*** Opening Dataset records ***

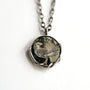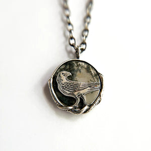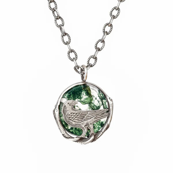 This sterling silver necklace from Digby and Iona features a crow over an old stock moss agate inlay, surrounded by a snake wrapping arond the pendent, hanging from a 25 inch oxidized sterling silver chain.
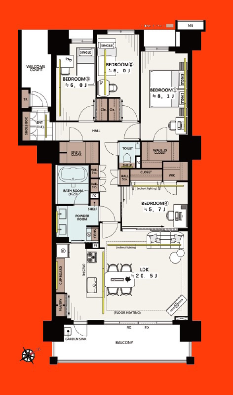 | 専有面積 | 112.8m² | バルコニー面積 | 14.6m²/南東側 |
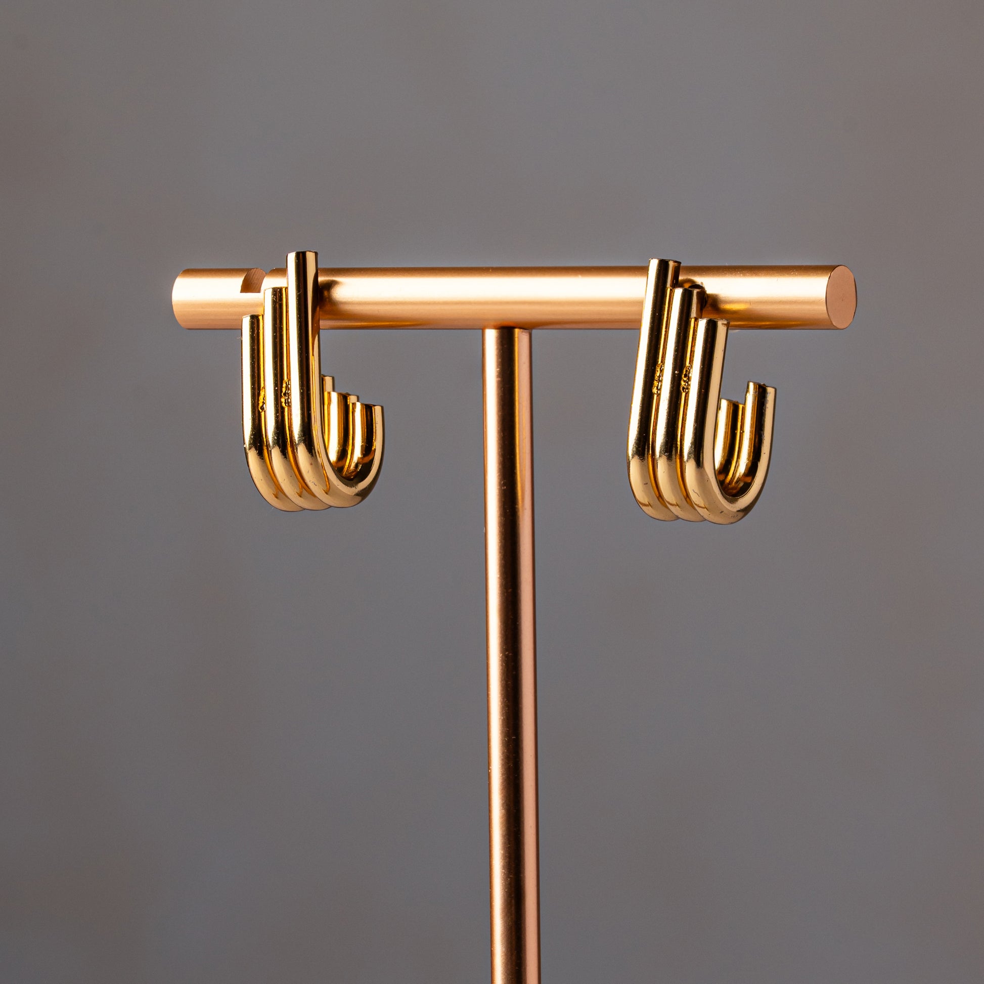 Minimalist yet powerful, these structured gold hoops feature layered arcs that create a bold and edgy silhouette. A statement piece for the modern muse.
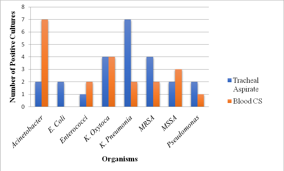 Fig. 2: Distribution of bacterial isolates from tracheal aspirate and blood cultures in neonates with VAP
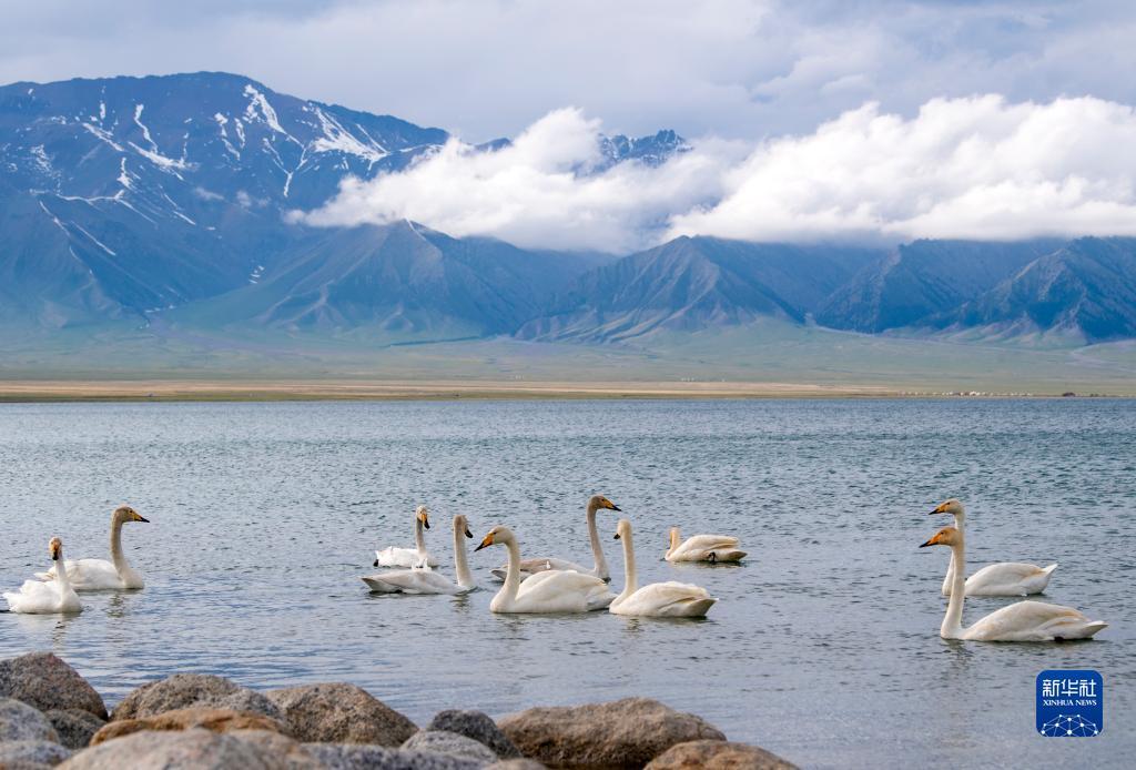 Des cygnes sur le lac Sayram, dans la région autonome ouïghoure du Xinjiang (nord-ouest de la Chine), le 21 mai.
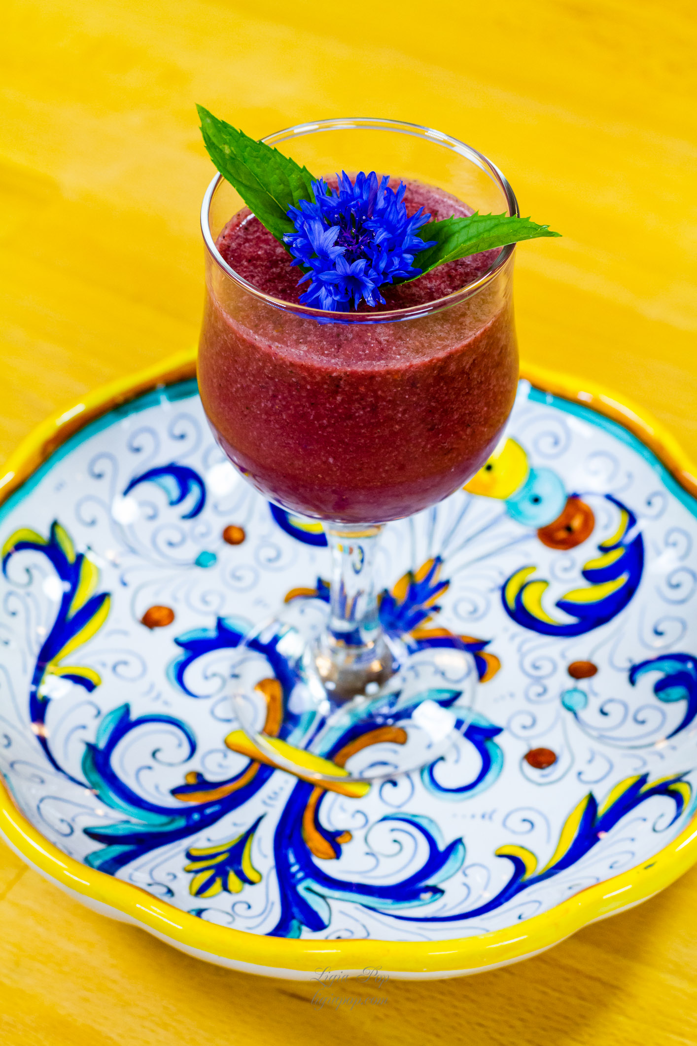 In studio, la prepararea retetei de smoothie din visine si superalimente.
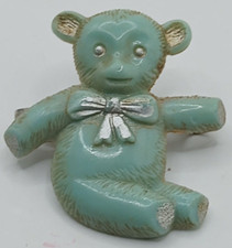 Vintage 1950s Ceramic Teddy Bear Hair Clip Teal With Gold and Silver Tone
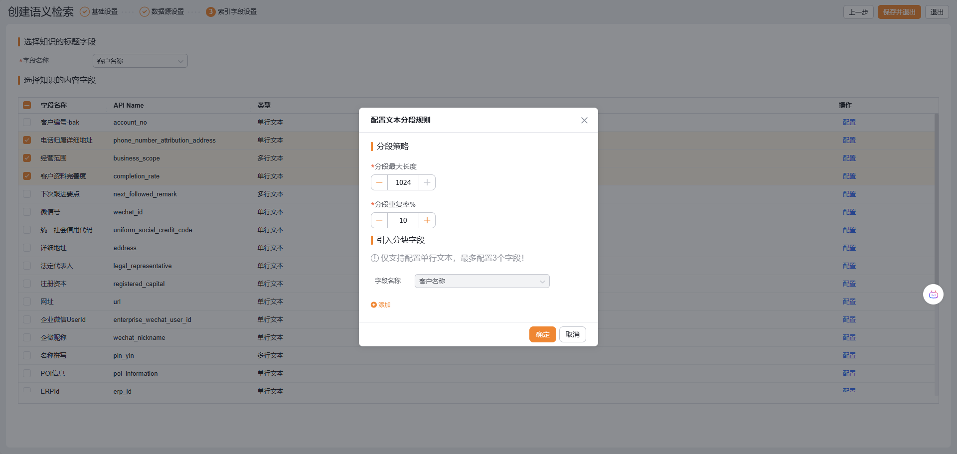 第3步,选择标题字段和知识内容字段,并配置内容字段的分段规则
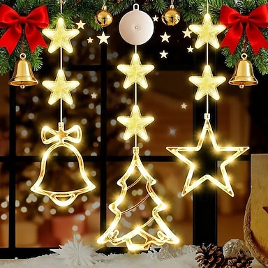 1PC Luce Natalizia da Finestra a Batteria Appesa Luce Cortina Bianco Caldo con Ventosa Campana Albero di Natale e Luce Stella per Decorazione Finestra di Natale Capodanno Festa
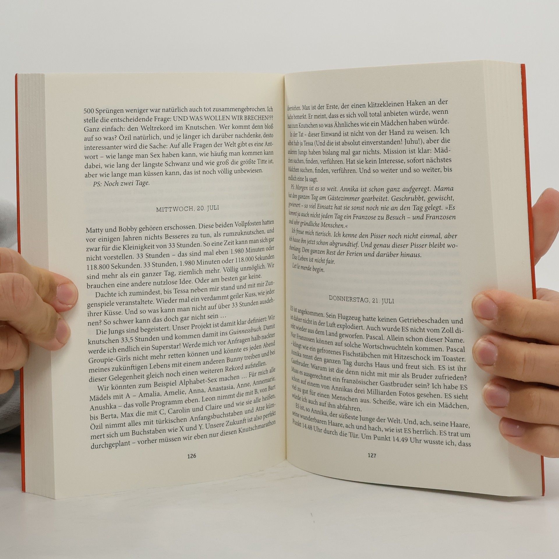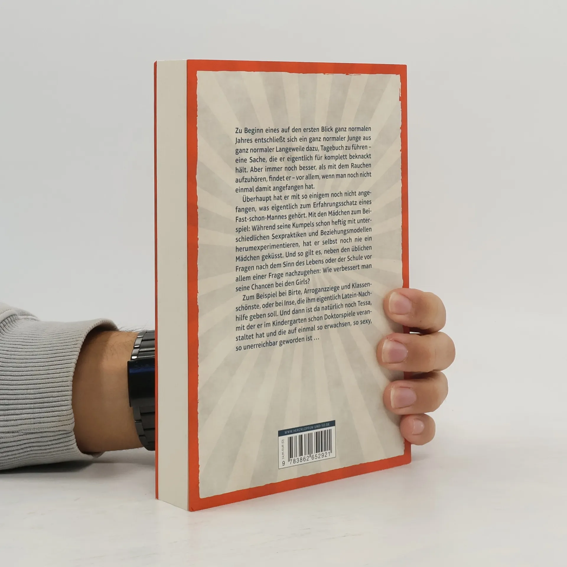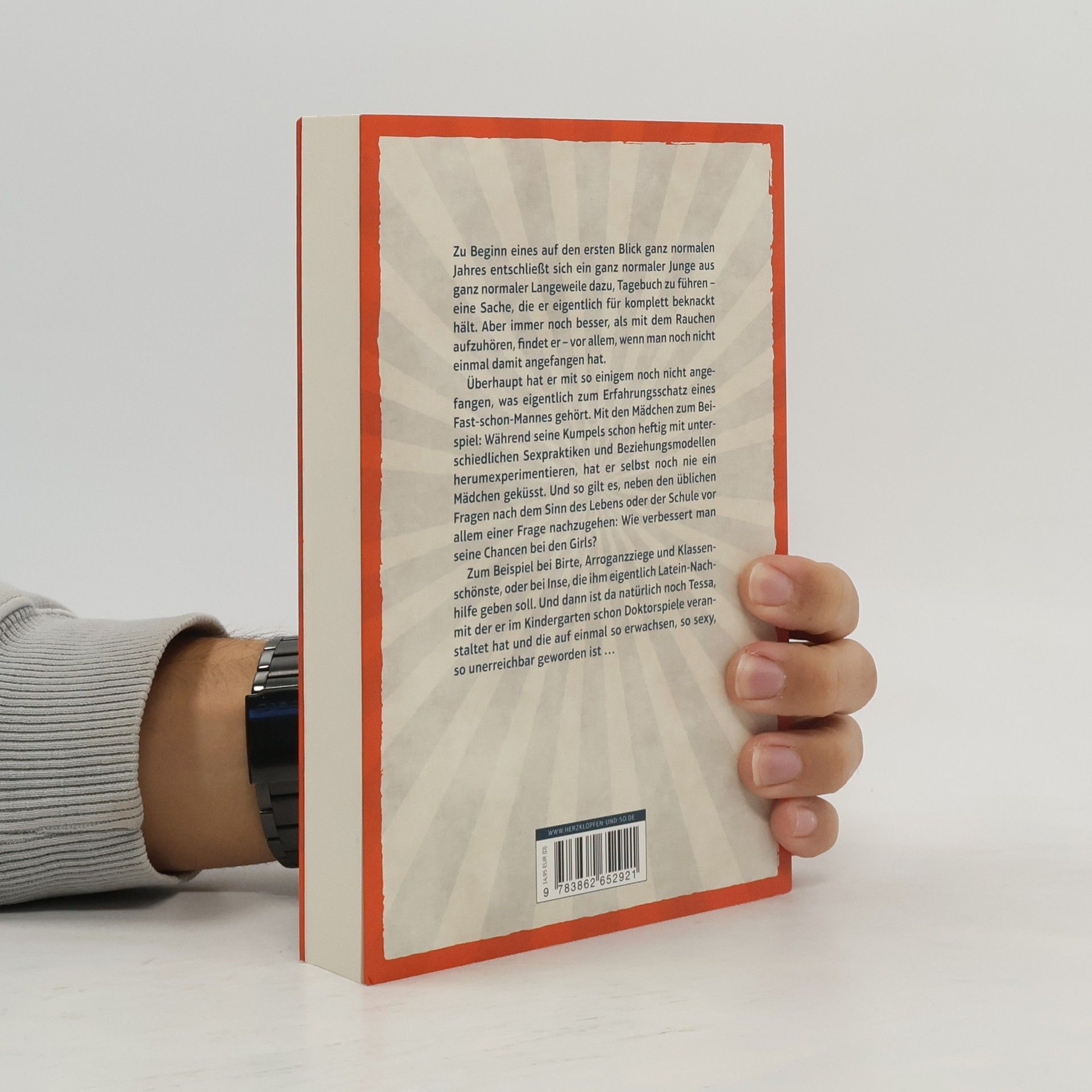 Der Protagonist von Stephan Borchers’ Roman erhält zu Weihnachten ein Notizbuch von seiner Tante, das er zunächst als Beleidigung seiner Männlichkeit empfindet. Dennoch beschließt er, es ein Jahr lang mit seinen Gedanken zu „Kindheit, Jugend, Sex“ zu füllen – ein guter Vorsatz, der weniger herausfordernd erscheint als mit dem Rauchen aufzuhören, was er ohnehin nie begonnen hat. Während seine Freunde bereits mit verschiedenen Sexpraktiken und Beziehungen experimentieren, hat er noch nie ein Mädchen geküsst. So macht er sich auf die Suche nach Antworten auf die Fragen des Lebens und insbesondere, wie er seine Chancen bei den Mädchen verbessern kann. Besonders interessiert ihn Birte, die Klassenschönste, die jedoch bereits vergeben ist, sowie Inse, die als Nachhilfelehrerin engagiert wurde. Trotz einiger Rückschläge gelingt es ihm überraschend, auch Erfolge bei den Mädchen zu verbuchen. Sein Liebesleben könnte sich entspannt entwickeln, wäre da nicht Tessa, die alles komplizierter macht.

*** Closing Dataset records ***

• [What the exercise asks]
Transcribe exactly the lines above, beginning at the one with "Des cygnes sur" and going up to and including the one with "1PC Luce Natalizia". Pictures do not belong in the copy.

• [Answer to this problem]
 Des cygnes sur le lac Sayram, dans la région autonome ouïghoure du Xinjiang (nord-ouest de la Chine), le 21 mai.
 In studio, la prepararea retetei de smoothie din visine si superalimente.
 Vintage 1950s Ceramic Teddy Bear Hair Clip Teal With Gold and Silver Tone
 第3步,选择标题字段和知识内容字段,并配置内容字段的分段规则
 1PC Luce Natalizia da Finestra a Batteria Appesa Luce Cortina Bianco Caldo con Ventosa Campana Albero di Natale e Luce Stella per Decorazione Finestra di Natale Capodanno Festa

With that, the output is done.